Hence, the following equations apply;

$$LM\left(dB\right)=link \frac{c}{{N}_{0}}\left(dB\right)-required\frac{c}{{N}_{0}}\left(dB\right)$$
(1)
$$required \frac{c}{{N}_{0}}\left(dB\right)={E}_{b}+10 {log}_{10}\left({B}_{r}\right)- {G}_{c}+ {G}_{d}$$
(2)
$$link \frac{c}{{N}_{0}}\left(dB\right)=EIRP-{L}_{f}+{G}_{r}-{N}_{0}$$
(3)
$$EIRP\left(dB\right)={P}_{t}+{G}_{t}$$
(4)
$${L}_{f}=20{log}_{10}\left(\frac{4\pi x}{\lambda }\right)$$
(5)

where Pt is the transmit power, Gt and Gr are the gain of the transmitting and receiving antennas, respectively, Eb is the energy per bit and Br is the bit rate, No is the noise power density, and Lf is the free space path loss with distance x between the transmitting and receiving antenna. At the transmitting and receiving end, we ignored (for simplicity) polarization mismatch losses and impedance mismatch losses.

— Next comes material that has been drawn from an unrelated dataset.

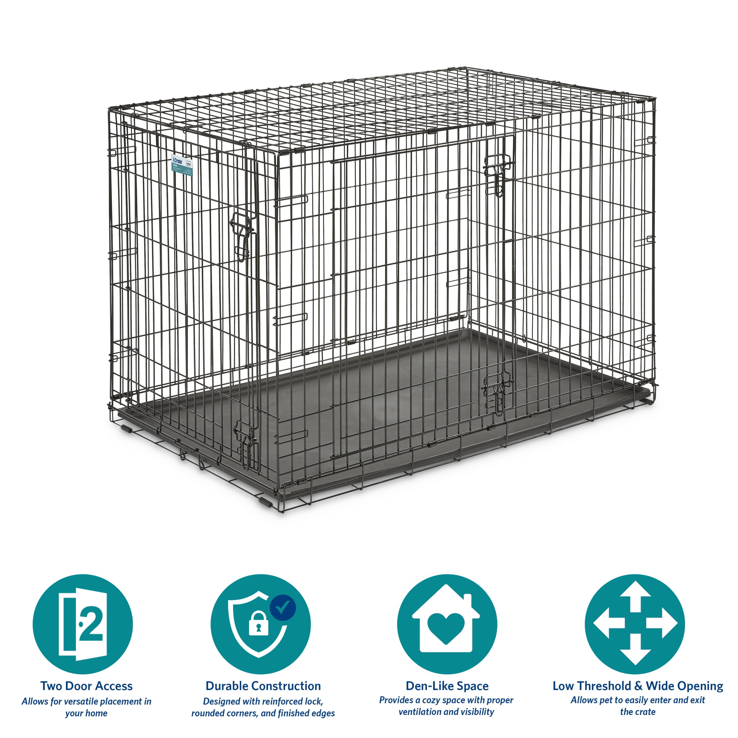 MidWest Homes For Pets Double Door iCrate Metal Dog Crate. 48″

Figure 24 shows a graph between the link margin and telemetry distance (TxRx distance), calculated using Table 5. In link margin calculations, the proposed antenna; was assumed transmitting antenna, and the monopole antenna (gain 2.15 dBi) was a receiving antenna. From the graph, it can be seen that the difference between the link margin at 1.4 GHz and 2.45 GHz with respect to the telemetry distance is very less with minor deviation. Usually, both link margin and telemetry distance reduce due to the high path losses at the higher frequency for similar gain values at both higher and lower frequencies. But, in our case the reduction due to the higher path loss at 2.45 GHz is compensated with the higher gain value at 2.45 GHz in contrast to the value at 1.4 GHz. The similar trend is also noticeable in43. Hence, for the bit rate of 1 Mbps, the link margin was more than 16 dB for 50 m of distance in the 1.4 GHz and 2.45 GHz frequency band, which is good enough for practical applications44.

Figure 24
figure 24

Link margin between Tx and Rx antennas at both the reported bands with a data rate of 1Mbps.

Conclusion

This paper proposes a compact dual-band antenna for a leadless cardiac transcatheter pacing system. The proposed antenna is in conformal shape inside the body of a biocompatible ceramic alumina capsule with the complete ground plane, which avoids the possibility of tissue interaction with the surrounding electronics. The sufficient bandwidths and gain in both the reported bands: 1.4 GHz and 2.45 GHz, were obtained. We measured S-parameters and radiation patterns of the antenna with capsule in ballistic gel phantom and minced pork. The simulated and measured results agreed in the desired frequency bands. The SAR analysis for 1 g and 10 g tissues was done, as per New ICNIRP Guidelines and IEEE C95.1–2019 Standard IEEE C95. We found that the designed antenna can handle more than the necessary power (25 µW) for pacemaker applications. Additionally, to define the wireless communication ability of the antenna, the link margin has been calculated at 1 Mbps data rate. This antenna is appropriate for modern-day’s Micra TCP and Nanostim LCP leadless cardiac pacing systems, owing to its compact size, conformal shape, dual-band behavior, gain, and circular polarization.